El domingo te lo saco  je je

----------


## Frikimaster

Entonces... a las 10:00 En el FNAC? =)

Ahí estaré.


Frikimaster

----------


## Pep Maria Magic

Yo no creo que pueda ir, lo tengo un poco saturadillo de bolos y he de dedicar algo de tiempo a la family, que si no me cambiaran el nombre por el mago sin bolas, jejejeje

----------


## Magnano

Me parece bien, ¿os importa si me traigo mi gnomo?

----------


## Ritxi

...yo iré con mi gnomito Roger

----------


## Magnano

Por cierto, tengo problemas con renfe, no aseguro estar a la hora, mi intención era ir un poco antes incluso para relajarme y preparar algo, pero a ver que pasa.

Allí nos vemos

----------


## Ritxi

Si te va mejor pararte en sanfe vamos juntos

----------


## Magnano

Ok, pero aviso que estaré en sant Feliu sobre las 9.22

----------


## Ritxi

> Ok, pero aviso que estaré en sant Feliu sobre las 9.22


 
Perfecto!!  pues quedamos en la estación
Si vienes sobre las 7 le das tú el bibe  :302:

----------


## Magnano

No que el sabado noche salgo, que sino...

----------


## SERX

Yo igual me paso tambien en principio... ¿quien va al final?    yo seguramente vaya no tengo nada mejor que hacer. 

A las 10h en el FNAC?

Nos vemos alli... yo igual tambien me passo por Sanfe si quereis...

Nos vemos...   :Wink1:

----------


## Magnano

Como gustes, tengo ganas de conocerte serx, ven cuando puedas.

----------


## Ritxi

Por lo que sea os doy mi núm ***.***.***

----------


## Dieani

Buenas a todos.

Yo finalmente voy, a las 10 en el Fnac del triangle.
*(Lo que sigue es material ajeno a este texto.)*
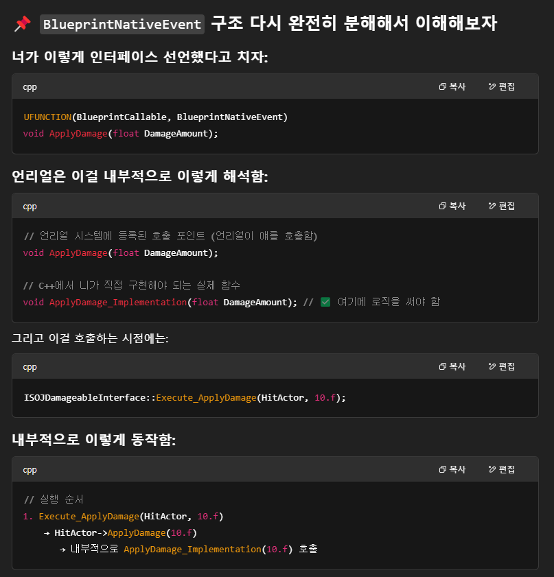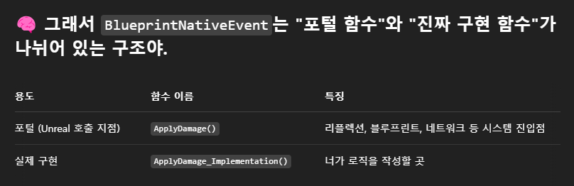 - BlueprintNative 라고 선언한 이상, 언리얼 엔진은 "이 함수는 Native 구현이 _Implementation() 안에 있을 거다" 라고 확실히 못박아 둔 상태임

Estaré lo que pueda ya que luego tengo cosas que hacer.

Saludos y hasta mañana.

----------


## Ming

Victor, si te llevas el portatil te paso las fotos.
... sino avisa y tu te llevas el USB y y el portatil...

----------


## Dieani

Buenas Ming.

Vale me llevaré el portátil.

Muchas gracias.

Saludos y hasta mañana.

----------


## Ritxi

Hasta mañana!!

Ritxi i Roger  :302:   :Smile1:

----------


## Magnano

¡Ei!
Que me han dicho como llegar a barcelona sin tener que dar un rodeo taaaan grande, os espero directamente en el FNAC, muchas gracias por la preocupación Ritxi. Por cierto, ¿cuándo acabará?

----------


## Ritxi

Yo, a las 14:00h en casa que el Roger tiene que dormir la siesta

----------


## Magnano

Me parece bien.

----------


## Frikimaster

Me parece bien a mi también, que luego tengo un cumple y quiero quedar con mi señora =)



Frikimaster

----------


## SERX

Nos vemos a las 10h en el FNAC!!! 

Yo soboe la 13:30 cojere el tren que tengo comida en casa y no es plan de no ayudar...

 :Wink1:

----------


## Dieani

Buenas

Ha sido un placer estar con todos, conocer a los nuevos y los ya conocidos. Una rápido para enriquecernos en ideas jejeje

Saludos y hasta la próxima que ya tengo mono.

----------


## Magnano

Yo también tengo el mono... jajajaj, a ver cuando se organiza otra, estaria bien hacer una al mes, no es muy difícil comprometerse un domingo al mes, ¿no?

----------


## SERX

Un placer conoceros craks!!!

Esperemos quedar mas, haver si nos animamos mas y quedamos una vez al mes buana ideea yo me apunto!!!

----------


## Frikimaster

El placer es mio!,Que soy el nuevo.

He quedado encantadísimo con vosotros la verdad =), como han dicho por aquí no estaría nada mal comprometerse un domingo al mes.

Si quereis podemos hacerlo para el siguiente dia 18, 18 de Mayo =)


Nota: os iré pidiendo facebook y demás cuando pueda >.<


Frikimaster

----------